Then there is Rustie, whose palette has always leaned towards the day-glo. The much-missed Son Raw even joked that he considered branding his music “Skittle Step,” in the wake of Ultra Thizz, an album-length admonishment to touch the furry wall. Word to Aldous Snow. “Slasherr” is his first notable song since, a doubling down of his aesthetic that has always combined hip-hop drums with synths so bright that Riff Raff would flinch. The Astral Plane said it splits the difference between Toomp and Tiesto. It’s not all that off, except that Toomp uses negative space to invoke eeriness, while Rustie has a excess streak that approaches the level of Action Bronson at a baklava buffet. Yet out all of the guys blending hip-hop drums with euphoric hand claps and fist pumping movements, the Scottish producer is one of the most effective.

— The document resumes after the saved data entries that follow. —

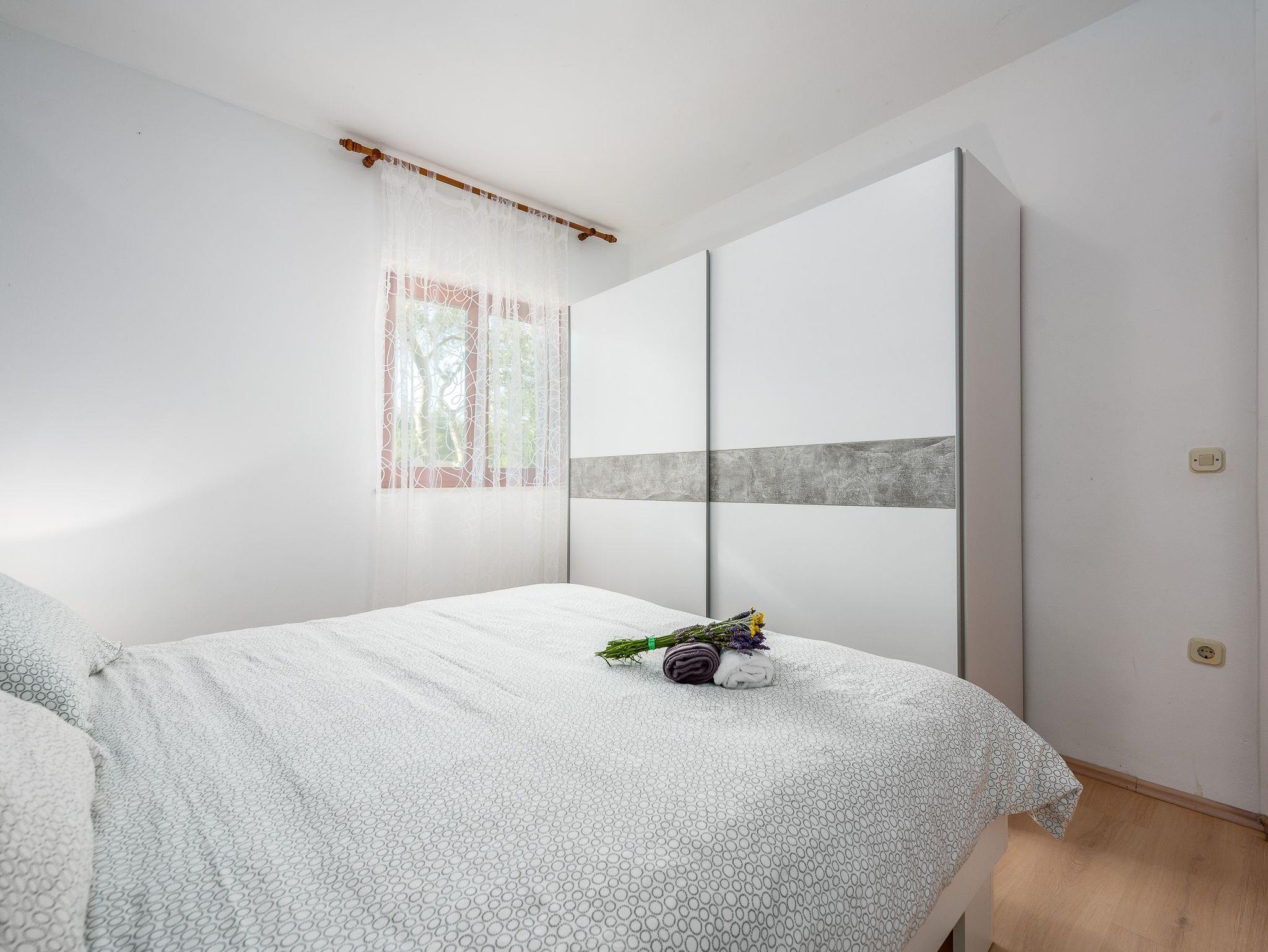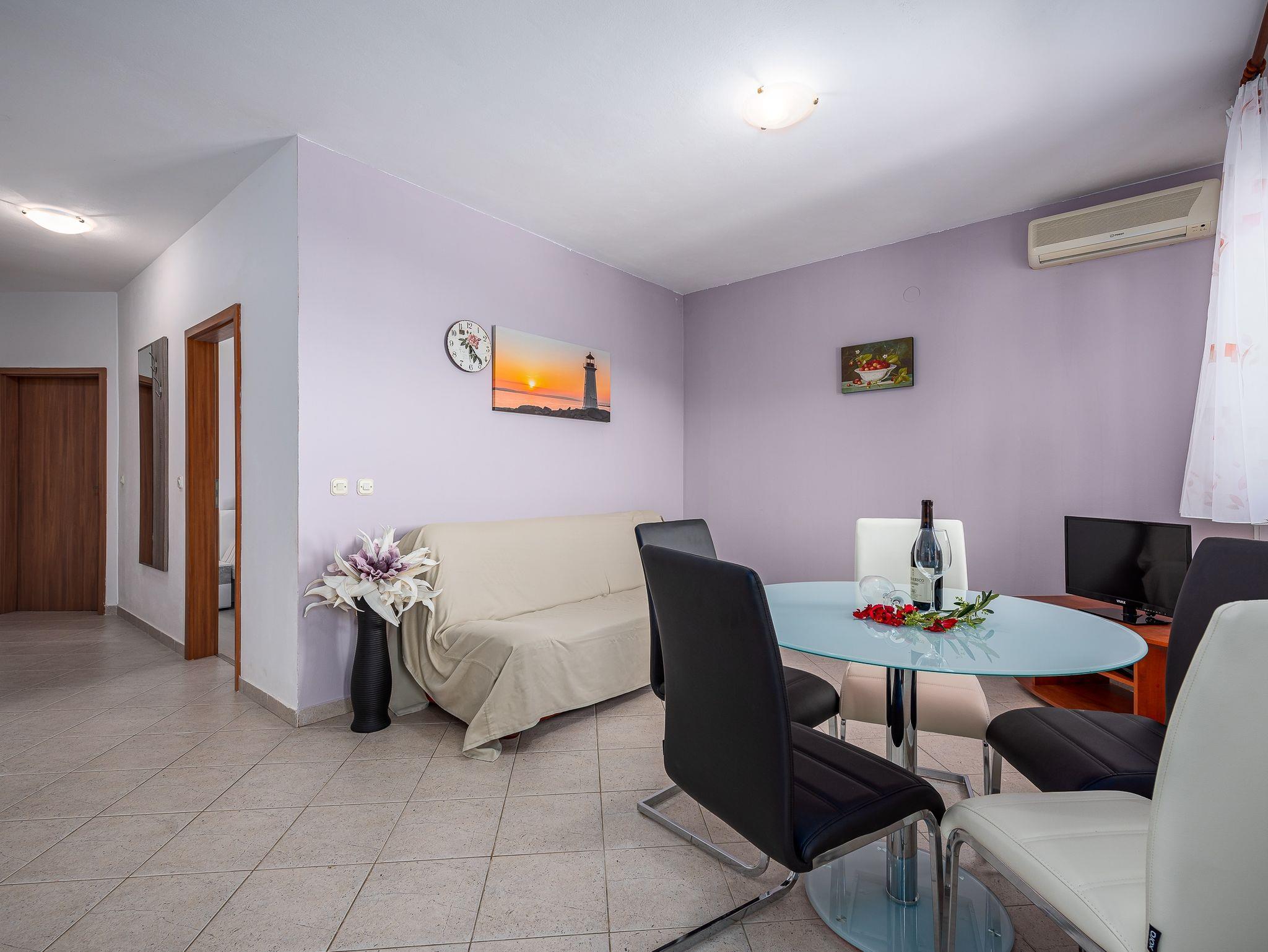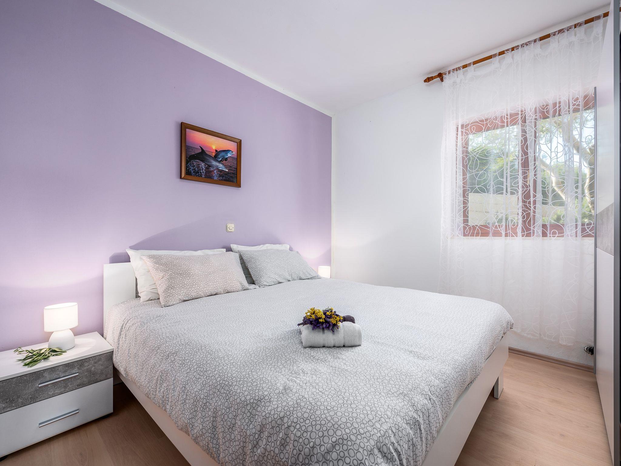 Ferienwohnung bietet Platz für 5 Gäste. Die Betten sind in Schlafzimmern, die es 2 gibt, und in Wohnzimmer, innerhalb einer Gesamtfläche von 52m2, angeordnet. Die Gäste haben eine eigene Terrasse zur Verfügung, auf der sie in warmen Sommernächten genießen können. Das Apartment bietet Meerblick. Es ist erlaubt, Speisen auf dem Gemeinschafts-Grill vorzubereiten. Während ihres Aufenthalts können Gäste das gemeinsam zur Nutzung stehende Schwimmbad benutzen. In der Unterkunftseinheit besteht die Möglichkeit des Mitbringens von Haustieren gegen Aufpreis. IM PREIS INBEGRIFFEN: Kurtaxe, Endreinigung, Klimatisierung, Pool, Parkplatz, Internet, Wäschewaschen, Kinderbett, Bügeleisen, Bügelbrett, Föhn. UNVERBINDLICHE ZUSÄTZLICHE KOSTEN: Haustiere (10,00 € pro Nacht), Fahrrad (20,00 € täglich (pro Stück)). Die Verfügbarkeit zusätzlicher Dienstleistungen in Ihrem reservierten Termin und die Preise derselben (falls nicht aufgeführt) müssen im Voraus überprüft werden. Zusätzliche Dienstleistungen die in der Zahlungsaufforderung nicht aufgeführt sind werden direkt beim Vermieter bezahlt, angenommen der Gast nutzt auch diese.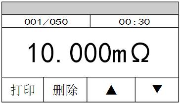 在狀態(tài)欄的左部顯示的是當前數據的總序號和已存儲數據的總量,如果當前數據是在溫升試驗方式測量時(shí)保存的,則在狀態(tài)欄右部顯示記錄時(shí)的時(shí)間,如果是在普通試驗方式下保存的,則無(wú)時(shí)間顯示。您可以通過(guò)“▲”和“▼”鍵依次查看存儲的所有數據。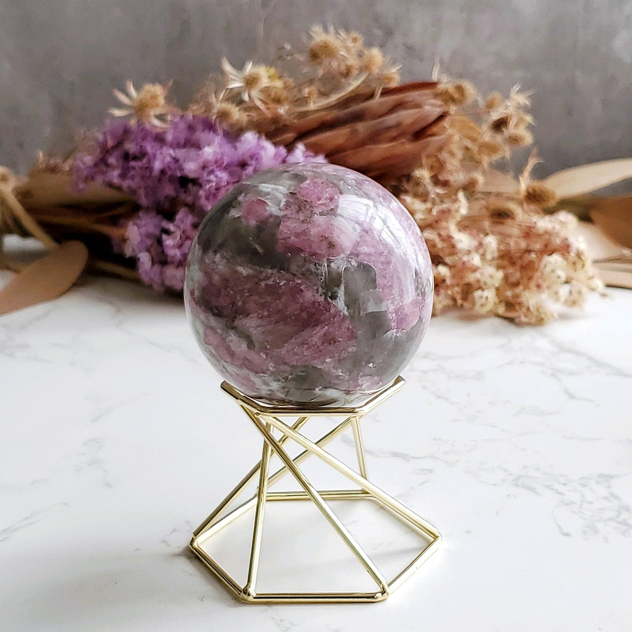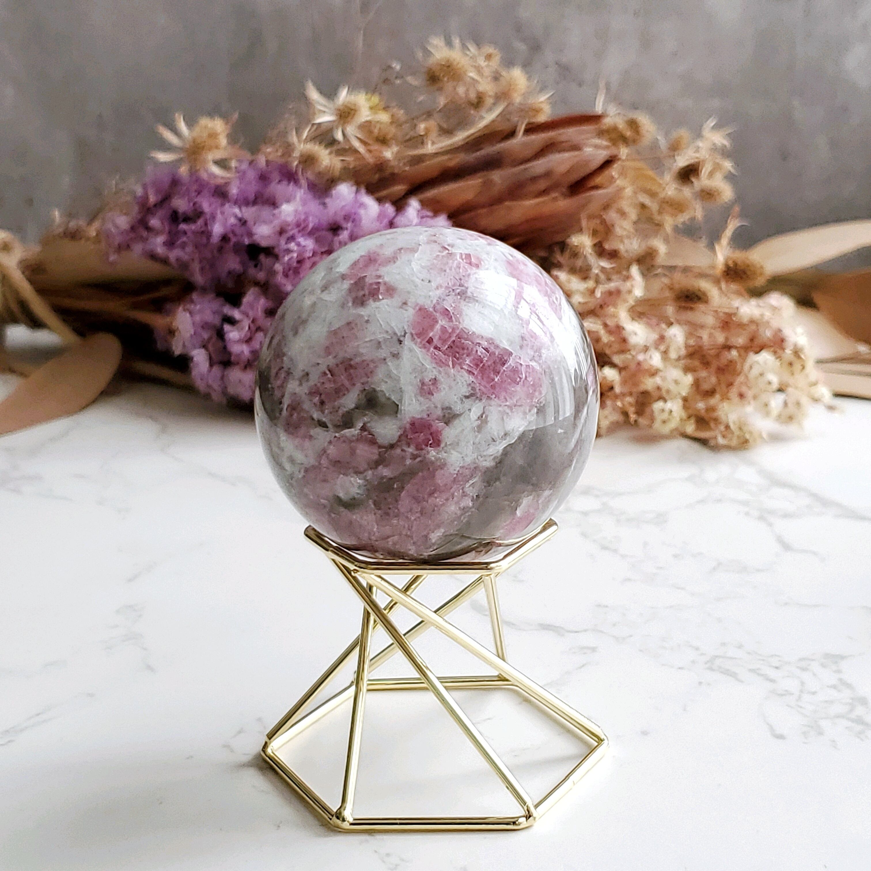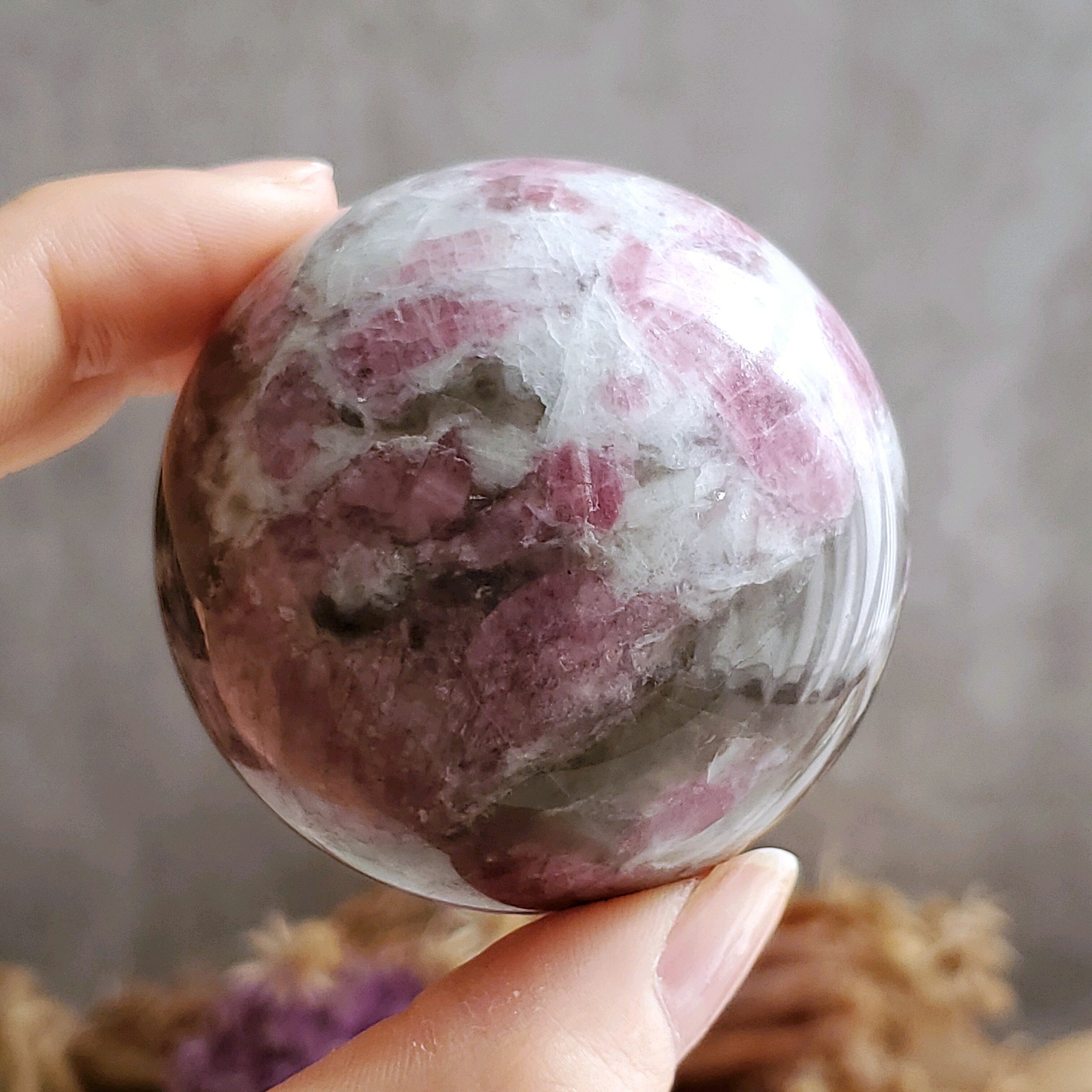 白いクォーツとスモーキークォーツに濃いめのローズピンクなトルマリンがそれぞれ映える大人っぽいスフィアです。飾る角度によって変わる表情をお楽しみください(*^^*)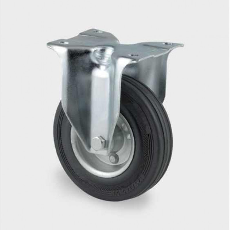 Jantă din tabla de otel, ambutisata. Suprafaţă de rulare din cauciuc plin negru, rulment cu role ace.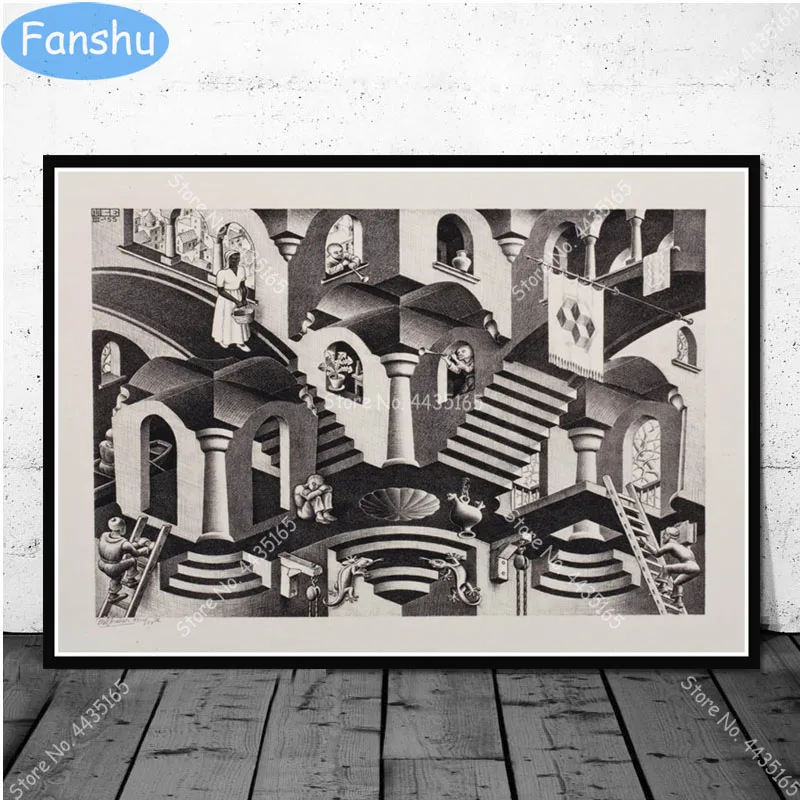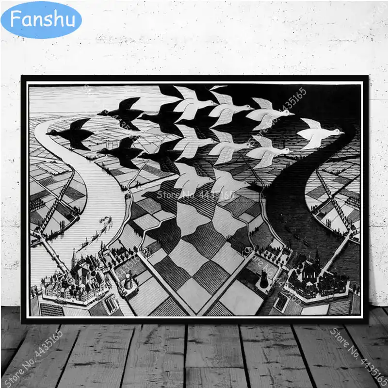 Poster Escher Surreal Geometrico Arte Da Parede Quadros Em Tela Cartazes E Impressoes Para O Quarto Decorativo Decoracao Para Casa Pintura E Caligrafia Aliexpress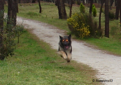 Ein Irrläufer, der eigentlich nicht in diese Rubrik hineinsollte. Da so schnell unterwegs, aber nicht aufzuhalten. Leicht zu erkennen: ein Redaktionsmitglied bei einer Umschulungsmaßnahme zum fliegenden Hund. Flughöhe und -geschwindigkeit überzeugen schon, an der Flugweite muss allerdings noch gearbeitet werden.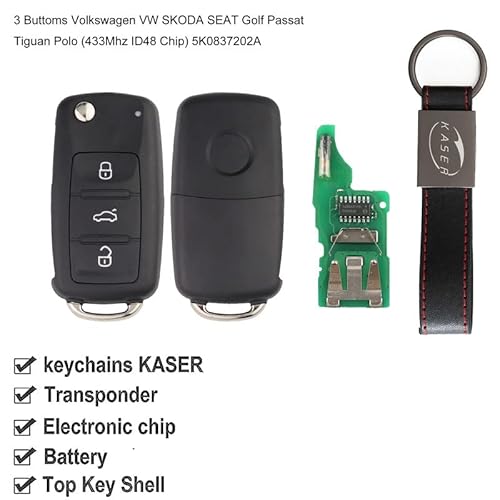 KASER Chiave Telecomando con Scheda Elettronica 3 Tasti per Volkswagen VW SKODA SEAT Golf Passat Tiguan Polo (433Mhz ID48 Chip) 5K0837202A Transponder con Portachiavi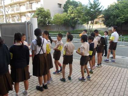 登校した運営委員・学級代表が、校門に立ってあいさつ運動を盛り上げます。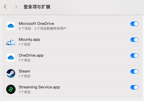 看了下“登陆项与扩展➡️允许在后台”也有一样的问题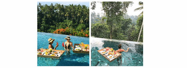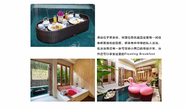 在巴厘岛的酒店,每一个早晨起来期待的事情不仅有巴厘岛的灿烂阳光,还有不同风味的特色早餐。今天就要和大家分享有漂浮早餐的巴厘岛酒店~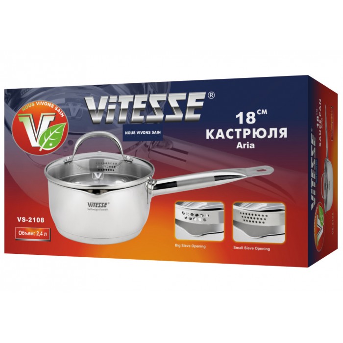 Посуд виробництва французької компанії Vitesse відрізняється якістю та оригінальністю дизайну. Швидке нагрівання та рівномірний розподіл тепла по всій поверхні. Капсульоване дно із прошарком із алюмінію забезпечує рівномірний розподіл тепла. Кришки з термостійкого скла дозволяють стежити за процесом приготування. Елегантні ручки з нержавіючої сталі, що надійно кріпляться до корпусу.

There’s a utility to a song like this. Listening to it in succession five or six times subjects you to a quick sugar rush and low ebb, like you ate an entire box of sour patch kids in the first five minutes of the movie. But it’s inevitably going to work it’s way as a staple of DJ sets for next six months. It’s tailor-made for the molly mangled and it feels like the best case scenario for the kids who got turned onto electronic music via Daft Punk at the 2006 Coachella. I don’t know if the seratonin levels can be stretched much thinner than this. It feels like the last good moment before your the drugs wear off and your brain starts to feel like a soggy bowl of Fruity Pebbles. But if this is the vanishing point, I’m good with that.  After all, everyone deserved better than Justice.